Validation of clinical acceptability of deep-learning-based automated segmentation of organs-at-risk for head-and-neck radiotherapy treatment planning

Front Oncol. 2023 Apr 6:13:1137803. doi: 10.3389/fonc.2023.1137803. eCollection 2023.

Abstract

Introduction: Organ-at-risk segmentation for head and neck cancer radiation therapy is a complex and time-consuming process (requiring up to 42 individual structure, and may delay start of treatment or even limit access to function-preserving care. Feasibility of using a deep learning (DL) based autosegmentation model to reduce contouring time without compromising contour accuracy is assessed through a blinded randomized trial of radiation oncologists (ROs) using retrospective, de-identified patient data.

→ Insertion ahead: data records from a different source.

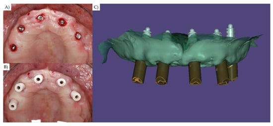 Figure 6. After the implants’ placement (A) the first intraoral scan is performed using scan bodies (B,C).
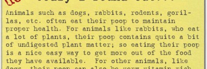 ##EMBED## Animals such as dogs, rabbits, rodents, gorillas, etc. often eat their poop to maintain proper health. For animals like rabbits, who eat a lot of plants, their poop contains quite a bit of undigested plant matter; so eating their poop is a nice easy way to get more out of the food they have available. For other animals, like … Continue reading Why Animals Sometimes Eat Their Poop
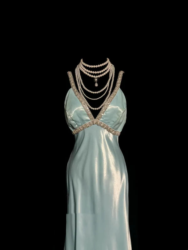 Vintage Sheath Straps Light Sky Blue 90s Long Prom Dresses Party Dress 20th Birthday Outfits Graduation Dresses SH3506

Methods: Two head and neck expert ROs used dedicated time to create gold standard (GS) contours on computed tomography (CT) images. 445 CTs were used to train a custom 3D U-Net DL model covering 42 organs-at-risk, with an additional 20 CTs were held out for the randomized trial. For each held-out patient dataset, one of the eight participant ROs was randomly allocated to review and revise the contours produced by the DL model, while another reviewed contours produced by a medical dosimetry assistant (MDA), both blinded to their origin. Time required for MDAs and ROs to contour was recorded, and the unrevised DL contours, as well as the RO-revised contours by the MDAs and DL model were compared to the GS for that patient.

Results: Mean time for initial MDA contouring was 2.3 hours (range 1.6-3.8 hours) and RO-revision took 1.1 hours (range, 0.4-4.4 hours), compared to 0.7 hours (range 0.1-2.0 hours) for the RO-revisions to DL contours. Total time reduced by 76% (95%-Confidence Interval: 65%-88%) and RO-revision time reduced by 35% (95%-CI,-39%-91%). All geometric and dosimetric metrics computed, agreement with GS was equivalent or significantly greater (p<0.05) for RO-revised DL contours compared to the RO-revised MDA contours, including volumetric Dice similarity coefficient (VDSC), surface DSC, added path length, and the 95%-Hausdorff distance. 32 OARs (76%) had mean VDSC greater than 0.8 for the RO-revised DL contours, compared to 20 (48%) for RO-revised MDA contours, and 34 (81%) for the unrevised DL OARs.

Conclusion: DL autosegmentation demonstrated significant time-savings for organ-at-risk contouring while improving agreement with the institutional GS, indicating comparable accuracy of DL model. Integration into the clinical practice with a prospective evaluation is currently underway.

Keywords: autosegmentation; clinical validation; comprehensive; deep learning; head and neck cancer; organs-at-risk; radiation therapy.